The documentation page of this function is quite limited. I followed the instruction but following code does not output useful information:
Needs["Combinatorica`"]
NumberOfSpanningTrees[HypercubeGraph[3]]
I want to draw the spanning true of a hypercube, do you know any internal functions other than this one?  

Thanks
POSTED BY: Shenghui Yang
5 Replies

IGraph/M now includes a function to count spanning trees.

In[1]:= Needs["IGraphM`"]

During evaluation of In[1]:= IGraph/M 0.3.99.1 (May 1, 2018)

During evaluation of In[1]:= Evaluate IGDocumentation[] to get started.

In[2]:= IGSpanningTreeCount[HypercubeGraph[3]]
Out[2]= 384

To explore the topic, you might find it useful to generate some more random spanning trees and visualize them.

g = HypercubeGraph[3, VertexLabels -> Automatic]

IGRandomSpanningTree[g, 20] // 
  DeleteDuplicatesBy[AdjacencyMatrix] // 
  Map[HighlightGraph[g, #, GraphHighlightStyle -> "Thick"] &]

Mathematica graphics

While this graph has 384 distinct labelled spanning trees, only 6 of them are non-isomorphic.

IGRandomSpanningTree[HypercubeGraph[3], 100] // 
 DeleteDuplicatesBy[CanonicalGraph]

Mathematica graphics

POSTED BY: Szabolcs Horvát
Very handy!! This is definitely more flexible than what I have done manually with EdgeStyle: 
HypercubeGraph[3,
EdgeStyle -> {1 \[UndirectedEdge] 5 -> {Blue, Thick},
   6 \[UndirectedEdge] 5 -> {Blue, Thick},
   2 \[UndirectedEdge] 6 -> {Blue, Thick},
   2 \[UndirectedEdge] 4 -> {Blue, Thick},
   4 \[UndirectedEdge] 8 -> {Blue, Thick},
   8 \[UndirectedEdge] 7 -> {Blue, Thick},
   7 \[UndirectedEdge] 3 -> {Blue, Thick}}]

POSTED BY: Shenghui Yang
Posted 11 years ago
The output of 384 refers to the number of spanning trees in the 3-hypercube graph.
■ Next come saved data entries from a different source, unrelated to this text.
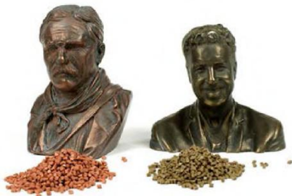
Рис. 4. Отримані шляхом 3D-сканування бюсти

У роботі [5] розглядається один із способів отримання друкованих моделей – сканування вже існуючого об'єкта, а потім його відтворення. 3D-сканери отримують геометрію фізичного об'єкта, роблячи сотні тисяч вимірів. Зазвичай результатом 3D-сканування є полігональна сітка. Відомо, що виливання скульптором бюста в бронзі - досить дороге і клопітке заняття. Існує рішення простіше, дешевше і багатого в чому краще. На сьогодні є можливим відсканувати будь-яку поверхню, включаючи людське обличчя (рис.4).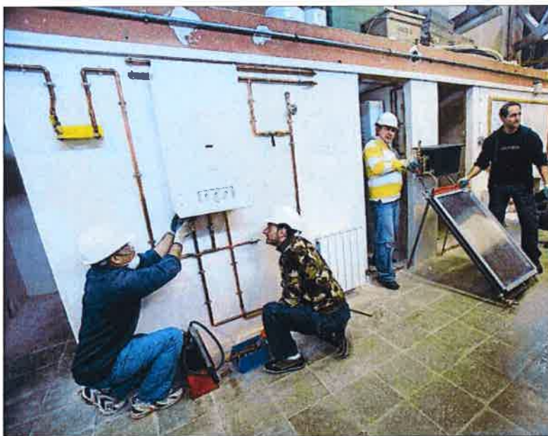
La patronal reclama protagonismo para las empresas en el diseño de formación

DISTRIBUCIÓN "EXCESIVA" De los 2.000 millones anuales por cuotas de cotización, unos 1.000 van a desempleados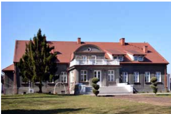
Mazurski Dwór 2015

opracował Bogusław Marek Borawski materiały archiwalne Józef Kunicki, B. M. Borawski dobór map, starych fotografii oraz fotografie współczesne Józef Kunicki

A spanning tree is basically a connected acyclic subset of edges in the graph such that each vertex in the graph is incident on at least one edge in the subset. (Kirchoff's Theorem gives a very nice and efficient algorithm for computing the number of spanning trees, and Combinatorica.m uses that approach.)

You can use Combinatorica's MinimumSpanningTree to get at least one MST. To get other ones, you could delete an edge you would like to avoid and put the edge-deleted graph through MinimumSpanningTree again. That feels kind of hacky, but it is easy enough to do for only ~10 MSTs if you just need them quickly.

 Block[{$ContextPath}, Quiet@Needs@"Combinatorica`"]
 
 Needs@"GraphUtilities`"
 
 g = HypercubeGraph@3;
 
 cg = Combinatorica`MakeUndirected@ToCombinatoricaGraph@g;
 
 mst = Combinatorica`MinimumSpanningTree@cg;

Combinatorica`ShowGraph@mst

AdjacencyGraph@Combinatorica`ToAdjacencyMatrix@mst

POSTED BY: William Rummler
Definitely two thumbs up to the workaround !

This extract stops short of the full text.